Some readers – both black and white – fail to see the bias in a racially charged letter written by a Philly homicide detective after he became upset about an odor emanating from beef rib bones in a wastebasket.
They suggest that because Detective Jimmy Crone — now being investigated by Internal Affairs because of the letter — didn't use the words black or African American, he wasn't necessarily making a racial statement.
I beg to differ.
In the letter, which was taped above a trash can for all in the Homicide Unit to see, Crone referred to an unnamed colleague as a "filthy savage" and accused his father of having been "absent." Those are racial code words. Insults. And I'm glad that Police Commissioner Richard Ross is taking it seriously.
The contents of that letter are even more disturbing than whatever was in that wastebasket. You don't call a coworker a "savage" and not have it be construed as some sort of racial insult. Similarly, Florida Republican gubernatorial nominee Ron DeSantis sparked outrage Wednesday after he said in a TV interview that voters shouldn't "monkey this up" by electing Democrat Andrew Gillum, who is black.

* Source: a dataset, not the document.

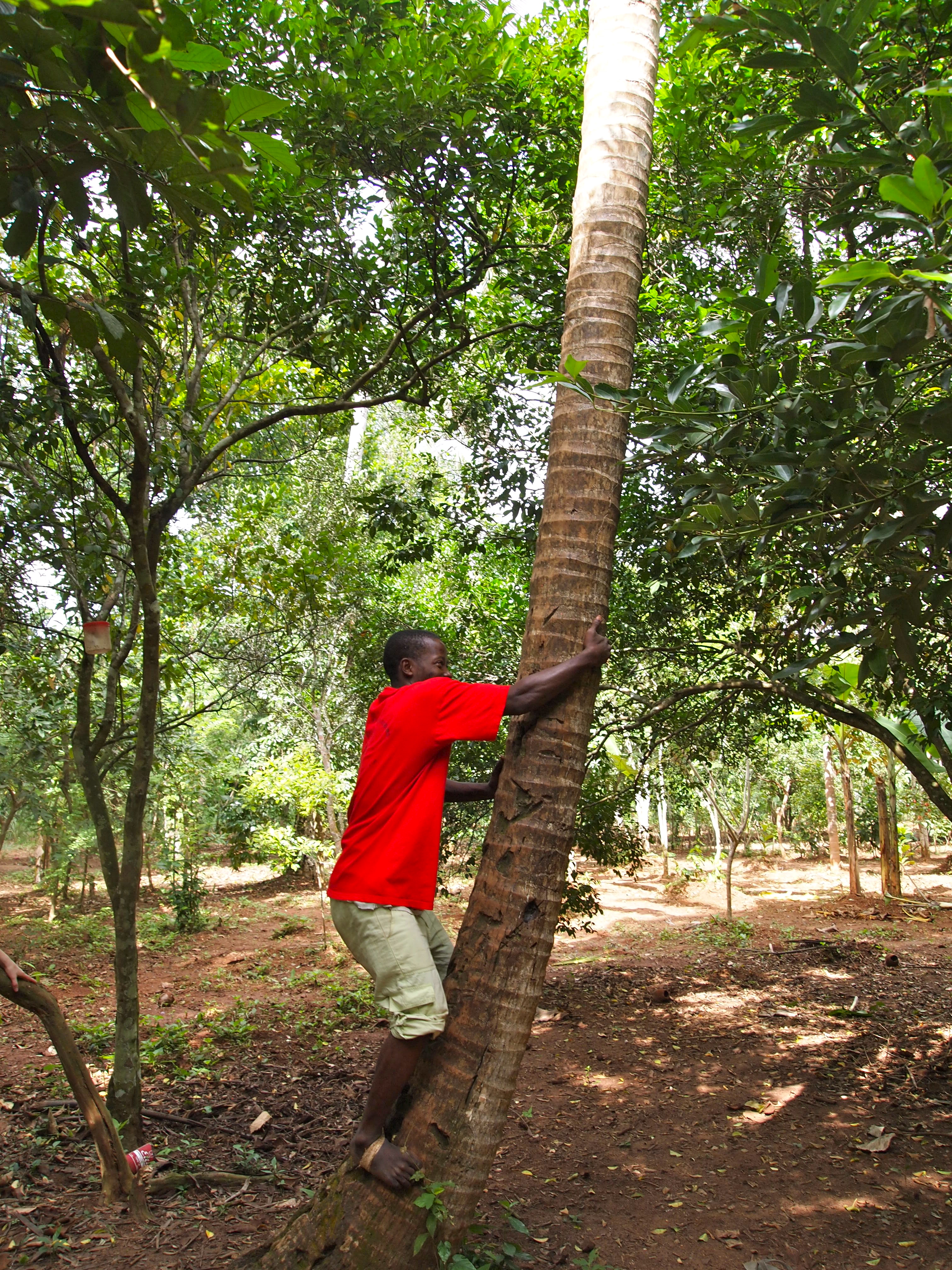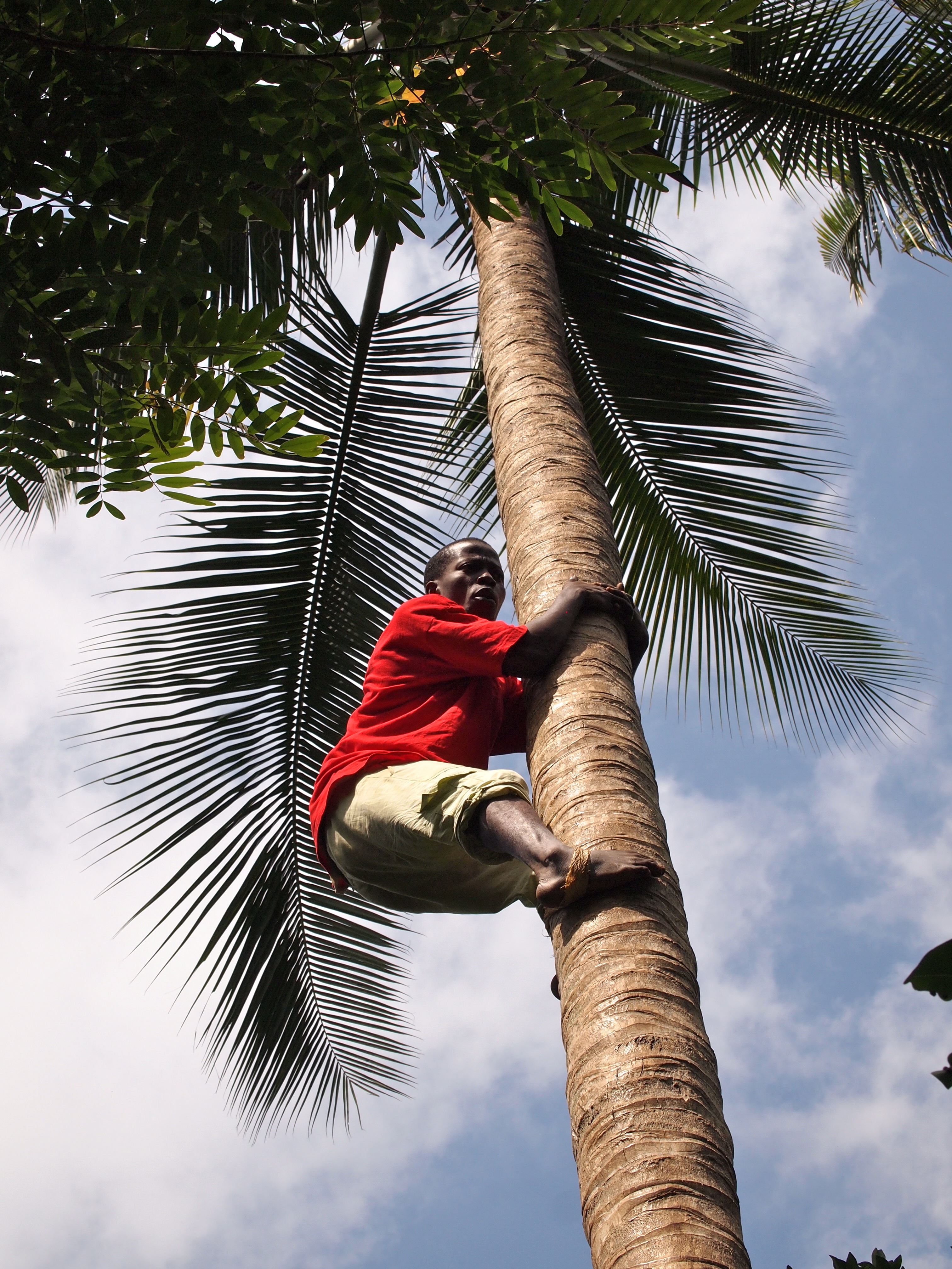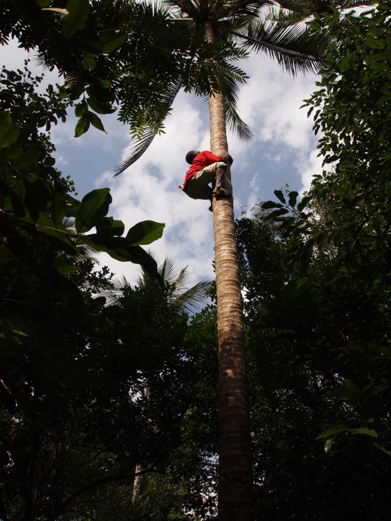 This guy wrapped some type of strong leaf in a figure 8 around his feet, jumped up on the tree and began leaping like a frog up the tree! He was singing the entire time and made it to the top!

Crone, a 22-year veteran of the force, is white and has admitted writing the letter. The Homicide Unit, in which he works, is about 50 percent black.
My suggestion for those who don't get it is to read that angry letter again, making sure not to skim past the colorful language and the imagery used. Remember that Crone is an officer of the law, a public servant duty-bound to serve the public. That means everybody, regardless of social class, race, or educational level.
At one point, he writes: "Now, in that I have a sense of etiquette and social fluency instilled in me from my upbringing by traditional, caring parents, I am offended by this. Alas, that same education prevents me from being upset with you — you can't blame a filthy savage for being a filthy savage."
Remember that this country has a long tradition of referring to black people as "savages" and of making us appear less than civilized because our ancestors hail from Africa. It's been going on since this country was formed and is an old trope right up there with Aunt Jemima, Mammy, and Uncle Tom. (Did you eat at Sambo's back in the day?) You would think that by 2018, Americans would have moved past other-izing blacks. But as we see from President Trump's Twitter feed, that's not the case.
At another point, Crone writes: "As I'm sure you were not burdened by significant schooling, and were birthed to an alcoholic, absent father and a rancid whore of a mother, you are simply ignorant of the fact that you are little more than an upright animal."
Note Crone's stereotypical assumption that the letter recipient grew up with no father in the house. Although it is true that more than 70 percent of black babies are born out of wedlock, it's a negative stereotype that most black fathers are absent from their homes.
Crone's coworkers were right to be concerned about the letter. They made copies that they shared with one another and also notified higher-ups. At a news conference Tuesday, Ross called the language "troubling."
Internal Affairs has launched an investigation.
Meanwhile, all of this makes me wonder about the letter's author and why he felt it was OK to spout that kind of nonsense because he was upset about the contents of a trash can.
What does his writing and posting such a racially charged letter say about his judgment? How is it that no warning system ever turned on in his brain telling him: "Hey, this is a really bad idea. Maybe I should delete this"?